- Your assignment: List each line of the data that holds the string "palestras".
+++ Dataset content
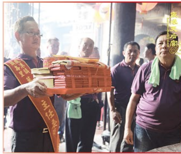
鹿港鎮頭高里萬興宮
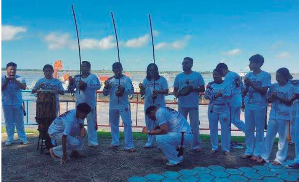
Evento terá palestras, manifestações artísticas, feira de produtos de empreendedores, entre outros

O Tribunal Regional Eleitoral do Amazonas (TRE-AM), por meio da Comissão de Combate ao Assédio Sexual, Moral e à Discriminação (1º e 2º grau), realiza, entre os dias 17 e 19 de novembro, a Semana da Consciência Negra do TRE-AM 2025, em alusão ao Dia da Consciência Negra, celebrado em 20 de novembro. A data, mais do que uma homenagem, é um convite à reflexão sobre a importância de valorizar as raízes africanas e reconhecer o papel histórico das pessoas negras na formação cultural, social e econômica do país. O evento contará com palestras, manifestações artísticas, feira de produtos
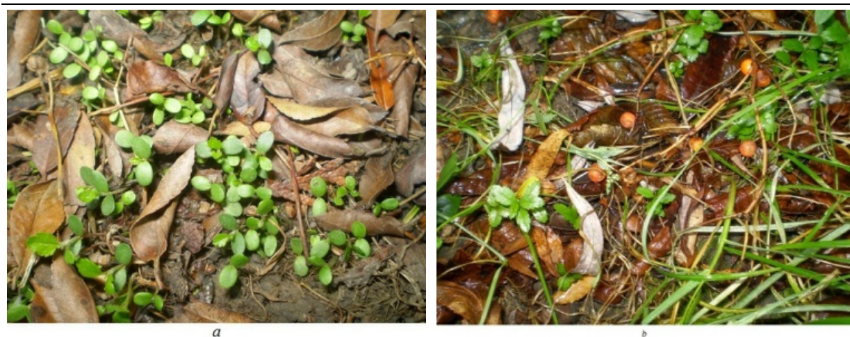
Рис. 4. Самосев P. crenulata в условиях Национального дендропарка "Софиевка" НАНУ: а) Дата фотографирования 19.05.09 г.; б) Дата фотографирования 04.09.09 г.
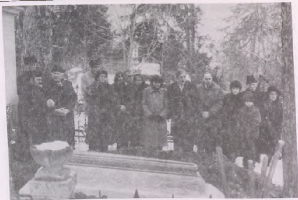
A család búcsúzik Kós Károlytól

A néprajz mint viszonylag új tudomány könnyen fogadott be egymást váltó divatos elméleteket. KÓS KÁROLY nem vált rabjává sem divatos szavaknak, sem divatos módszereknek. De tisztelt minden, a világból bárhonnán érkező újító szándékot, és kipróbálta a sokat ígérő elméletek teherbíró képességét.
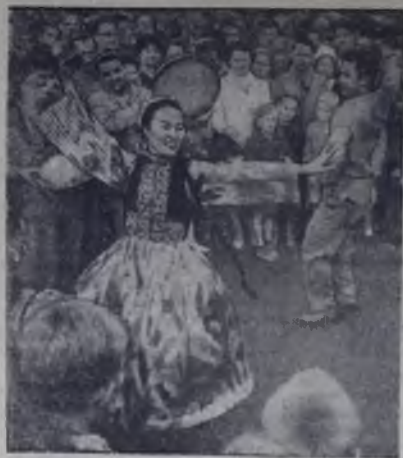
На снимке: народное искусство Узбекистана, демонстрируемое прямо на улице финской столицы, привлекло многочисленных зрителей.

август 10 — пятница — ВЕРЮ В ТЕБЯ. 13 — понедельник — ЦАРЬ ФЕДОР ИОАННОВИЧ. 15 — прощальный спектакль «РАЗБУЖЕННАЯ СОВЕСТЬ». Производится предварительная продажа билетов на все объявленные спектакли. Начало спектаклей в 20 часов.
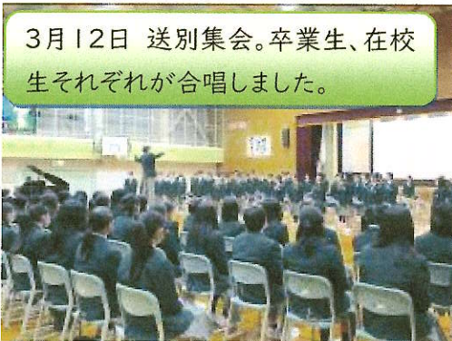
3月12日 送別集会。卒業生、在校 生それぞれが合唱しました。
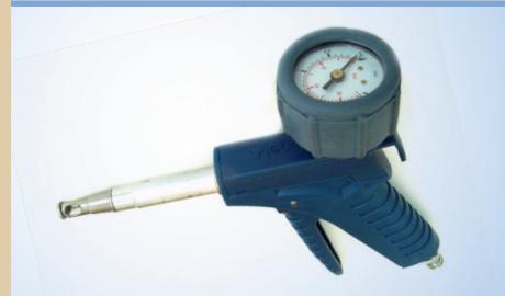
Pistola Bates Flex con manómetro de Ø40 mm no de artículo 096049
++++++
- Answer box:
Evento terá palestras, manifestações artísticas, feira de produtos de empreendedores, entre outros
O Tribunal Regional Eleitoral do Amazonas (TRE-AM), por meio da Comissão de Combate ao Assédio Sexual, Moral e à Discriminação (1º e 2º grau), realiza, entre os dias 17 e 19 de novembro, a Semana da Consciência Negra do TRE-AM 2025, em alusão ao Dia da Consciência Negra, celebrado em 20 de novembro. A data, mais do que uma homenagem, é um convite à reflexão sobre a importância de valorizar as raízes africanas e reconhecer o papel histórico das pessoas negras na formação cultural, social e econômica do país. O evento contará com palestras, manifestações artísticas, feira de produtos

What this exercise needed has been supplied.